Das was du meinst ist klar ein Patent. Die Idee in einer GPL Software kann man nachprogrammieren solange man den Code nicht verwendet.


----------



## tuxedo (27. Sep 2012)

Nicht ganz. Bei einem Patent hat irgendjemand die Rechte darauf. Das ich was meine wäre ein Patent mit Copy-Left. D.h. die Rechte verbleiben bei der Idee ...

Studiere gerade nochmal die GPL. Aber die geht scheinbar nur auf den Sourcecode ein. Wobei sie aber sagt, dass das Werk Copyleft bleiben muss. Aber Ideen-Klau welche dann in einem Copy-Right endet ist ja auch nicht im Sinne des Copy-Left-Prinzips, oder?

- Alex


----------



## tuxedo (27. Sep 2012)

Hmm, nochmal die GPL (grob) gelesen. Die GPL hat zum Ziel die Weitergabe "frei" zu belassen... 
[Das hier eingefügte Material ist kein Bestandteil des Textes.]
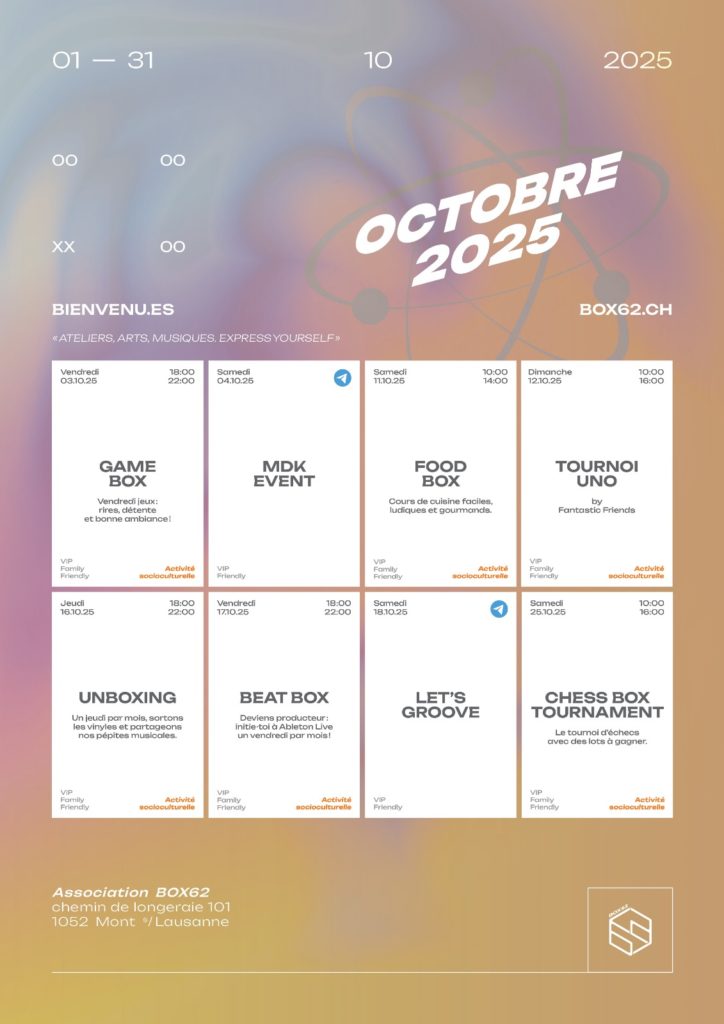 Retrouvons-nous un VENDREDI par mois de 18h00 à 22h00 autour de tables de jeux (Uno, Skyjo ou Jass).

Eigentlich Schade. Wenn da jemand in einem GPL Produkt wirklich eine gute, sehr konkrete Idee hat, kann echt jeder daherkommen, abgucken und ein kommerzielles, closed-source-Produkt daraus machen.


----------



## Noctarius (27. Sep 2012)

Ja kann er, allerdings kann er die Idee nicht patentieren, da Prior-Art besteht. Das kann dir aber generell immer passieren, auch ohne, dass der Source frei verfügbar ist.


----------



## Gast2 (27. Sep 2012)

Naja es soll ja auch Firmen geben die haben sich abgerundete Buttons patentieren lassen ... 
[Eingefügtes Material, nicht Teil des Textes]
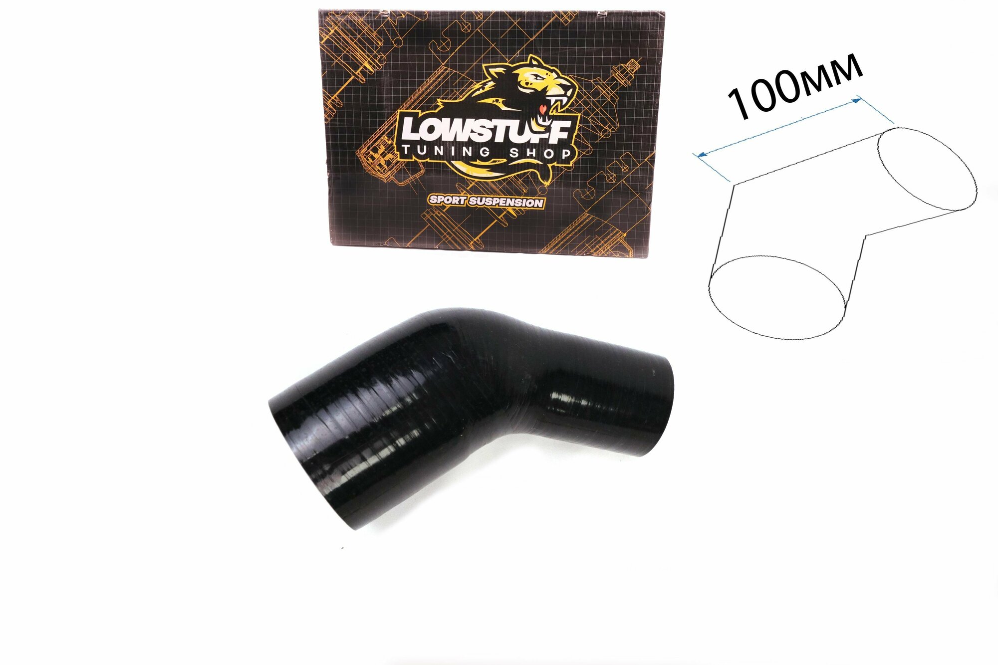 Патрубок силиконовый угол 45 градусов переходной диаметр 63 мм в 51 мм длина 100 мм стенка 5мм черный

Resultat ist nur wirklich, dass die GPL deine Idee nicht vor wiederverwendung schützt sondern nur Regeln vorgibt wie der Code wiederverwendet werden kann und darf. 

Resultatgleiches nachprogrammieren mit anderem Code bleibt immer möglich und ist ja generell möglich. Macht OpenOffice und Konsorten ja auch. Freie Codecs etc. (sofern eben kein Patentschutz auf Algorithmus etc. liegt).


----------